RE: ODBC 7.0006 bugs - Mailing list pgsql-odbc

From Henshall, Stuart - WCP
Subject RE: ODBC 7.0006 bugs
Date
Msg-id E2870D8CE1CCD311BAF50008C71EDE8E01F74609@MAIL_EXCHANGE
Whole thread Raw
In response to ODBC 7.0006 bugs  ("David Ciarniello" <brainlost@rocketmail.com>)
List pgsql-odbc

> -----Original Message-----
> From:    David Ciarniello [SMTP:brainlost@rocketmail.com]
> Sent:    Friday, July 06, 2001 11:56 AM
> To:    Henshall, Stuart - WCP
> Cc:    pgsql-odbc@postgresql.org
> Subject:    R: ODBC 7.0006 bugs
>
>
    Makes me glad I havn't used the parse option (what is it for?)

> > 3) I can see you're point. However I tend not to use DSN's but
> > rather connection strings so its helpful to be able to turn on logging
> with
> > out editing the program.
>
> Can't we move all settings on a datasource basis continuing to support
> all parametrs on connection strings ?
>
    I was meaning so that I didn't have to change my connect string at
all. Maybe having all the options available as driver defaults which are
only overwritten if they are also in the datasource string. I must admit I
don't really know about the drivers internals so have no idea how tricky
that would be.

> > 5) I disagree. If I'm having problems connecting I want to see all
> > the options in the connection string. Don't log when you're not
> debugging,
> > it slows everything down.
>
> You can find the authentication response into the backend logs (like the
> (in)famous "password authentication failed for user admin")
>
    yes, but it doesn't give the ODBC side of the story.

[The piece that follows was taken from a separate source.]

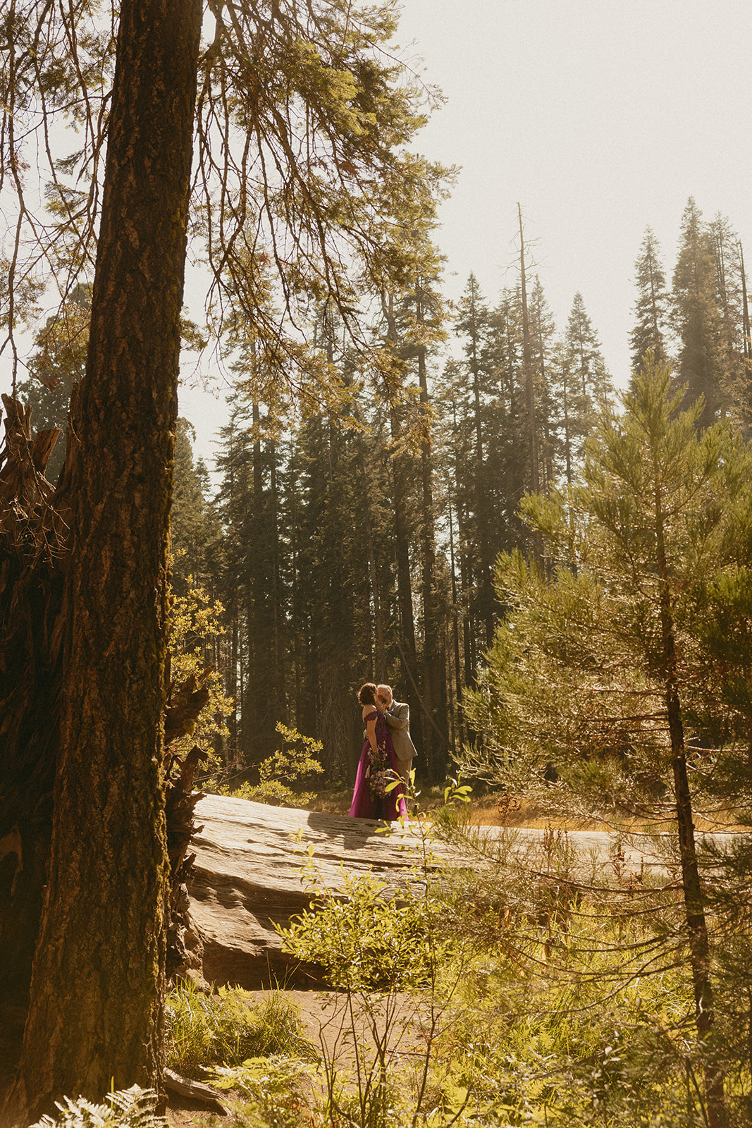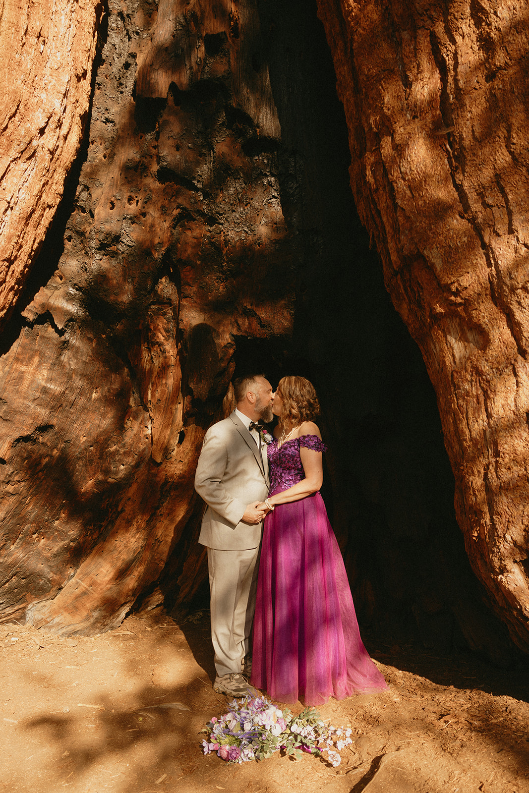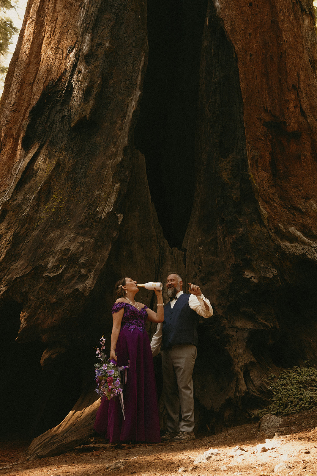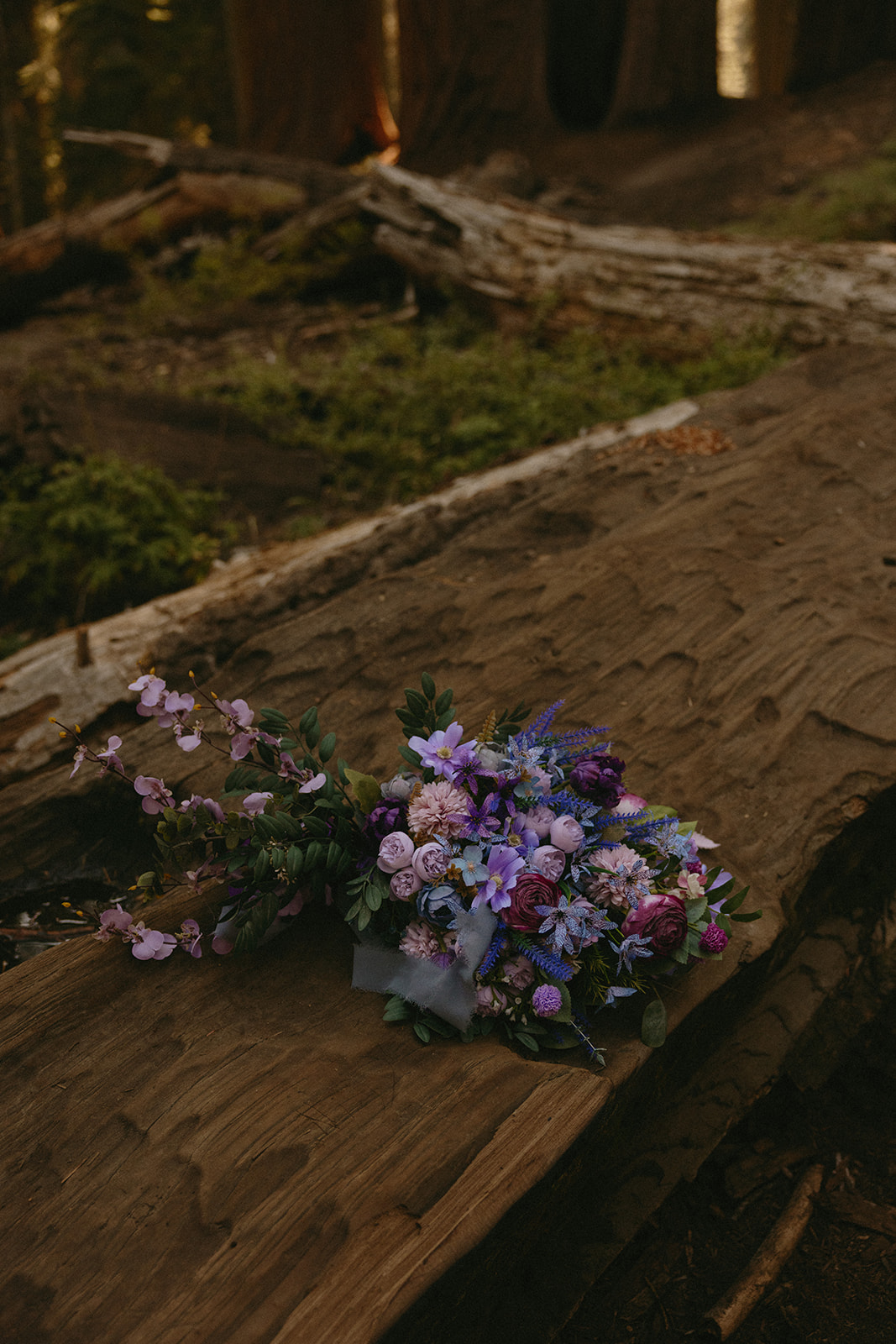Lol of course there was tree hugging, we were in a forest with the biggest trees in the world after all! After Barbara and Ray said their vows, we wandered a little deeper into the greenery for portraits—and can I just say, I was obSESSED with Barbara’s purple gown. The way the vibrant shades of purple popped against the greenery all around us… 10/10 would recommend wearing a colorful elopement dress. Bonus points if you coordinate your color of choice with your florals like Barbara did, I was drooooling over the gorgeous purples, violets, and blues in her dreamy bouquet.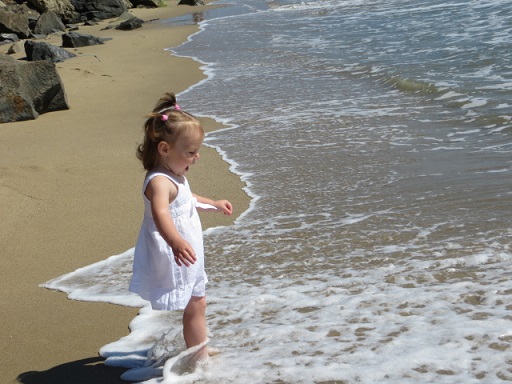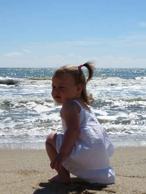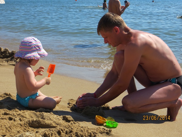 С песком играла мало. Пару раз папа смог заинтересовать ее строительством дамбы, а мои куличики и пироги она игнорировала.

> Instead somebody could activate the logger without my authorization
> (consider a pc that shares the hard drive, just put the right reg file
> into
> the startup folder and wait for the next reboot - considering win9x
> stability you don't have to wait too much :-)) - so that the log can be
> produced... you can grab the password from a network environment even
> without ever seeing that pc).
> I think it's a security risk.
>
        True. Howeversomeone could just make a little alteration to
the source, recompile the ODBC driver then drop it into \windows\system.
Having sensitive areas of the disk shared is inherently unsafe. Or someone
could write a wrapper DLL that just passed everything along while grabbing
the PWD. Or drop a Trojan into your startup to expose your PC. I suppose
these would be trickier, but not ridiculously so. Maybe have two driver
builds. A production model that disables logging (plus anything else deemed
a risk) and a developer version that allows it to be enabled. I really must
get MSVC so I can fiddle with the driver like this.